Off-topic, but: I love the feeling of seeing a new TLD for the first time. I immediately start thinking about possibilities and everything seems golden for a while.
Funny that you mention it, I get what you mean.
Its a bit like the sequence from "once upon a time in the west", where the camera goes over a hill, showing all the unclaimed land, the workers building the new railway etc. Epic scenery of a land of opportunity, golden afternoon sun rays, with a grand Ennio Morricone soundtrack playing.
I love this idea - I no longer like using Twitter Bootstrap because it's just so huge! And 90% of the time I find myself creating an override file to style it to my websites feel.

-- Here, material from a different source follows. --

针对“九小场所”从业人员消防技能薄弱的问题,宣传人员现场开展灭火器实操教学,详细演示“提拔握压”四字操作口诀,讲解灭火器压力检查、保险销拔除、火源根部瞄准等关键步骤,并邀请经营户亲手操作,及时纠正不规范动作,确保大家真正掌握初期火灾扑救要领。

I do love their grid system though, does anyone know of a great lightweight grid system that's robust like Bootstrap's?
Edit: when I originally posted this, it was a fork of https://github.com/aekaplan/grid -- which I did not write (tried to express that via "when I first saw it", but in hindsight was not clear). I've since changed it at the original author's request. Apologies for any confusion!
Not only should you be overriding stuff, but nowadays they include the LESS files (with Bower at least) so in essence you can pick and/or rewrite the parts you want.

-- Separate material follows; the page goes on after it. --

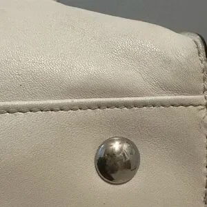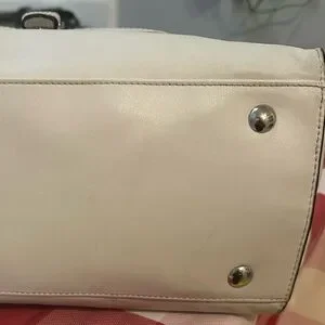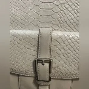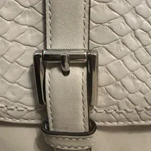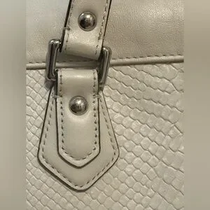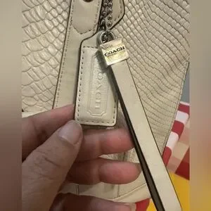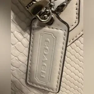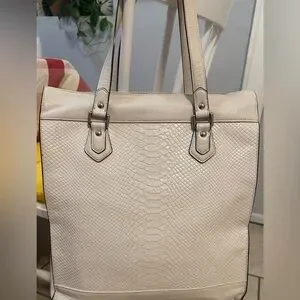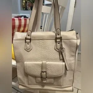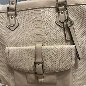 Chic, rare, limited edition Coach tote F28723 with embossed python leather. Roomy bag features double handles, magnetic front flap with buckle, secure D-ring top closure, beige fabric lining, interior pockets, silver-tone hardware, and metal feet. Includes Coach tag and keyholder. In great condition; see photo for light mark on bottom. Color Chalk (off-white). 13x12x6

The complaint that Bootstrap is so huge is no longer valid, people are just super lazy.
That's my take as well... imho, you should be using bootstrap from the source... I usually start with the source, copy the mixins and variables files, and then create a new main less file that references all the parts I need with my copy of mixins/vars... works out really well, and less need to worry about new versions.
I've used http://weice.in/ivory/index.html before and liked it. However, I don't do much web-design, so I can't really comment on how good or bad it is, just that I've found it useful in the past.
It's a good start to getting properly responsive websites. A lot of times this really is all that's needed. But sometimes more complex solutions are needed for certain elements.
The CSS file could be more minimal if "@charset "UTF-8";" were removed. The only reason this is required is because of the UTF-8 character in the comment.
If you're working for the sort of company that would go out of it's way to block all URLs which have the string "sex" in them, you've got bigger problems than not being able to view website.
Many years ago when I was doing .NET programming, a helpful resource was http://systemwebmail.com/. Predictably, the firewall at $CORP blocked /webmail/. I had to print it at home and bring it into work.
Agreed. For me the most important this is load time -- if it takes more than a few seconds, I move on well before even the best of current responsive solutions have a chance to load and do their magic. This doesn't address that entirely, especially in the case of large images or heavy iFrames, but at least I can start reading almost immediately. Also, navigation would still be a struggle with this solution, though just a list with display:inline would be functional.
Reminds me of that annoyingly pious vanilla-js site from a while back.
Yes, HTML is 100% responsive out of the box, something so well understood, it nary even warrants mention. We are so far past that part of understanding that our conversations surround polishing appearance to the nth level. We don't fiddle with CSS because we don't need to; we do it for the 1% of cases HTML alone isn't enough. So congrats on writing your first reset, something literally every web developer has already done in their lifetime.
It's shame that HN, a technical community, still doesn't have a good responsive design.. and even design at all.. I'm always bit confused when viewing the site :(
It is obvious the browsers will try to stick all content into the view port by default. Too bad the web doesn't consist of vertical pages with no alignment whatsoever.
I'm not sure why the CSS needs to be declared as containing UTF-8 since all the characters of the file are part of the US-ASCII range.
Use the .overflow-container on tables and pre/code blocks. "-webkit-overflow-scrolling" seems to be useful to allow horizontal scrolling on overflow elements on iOS [1].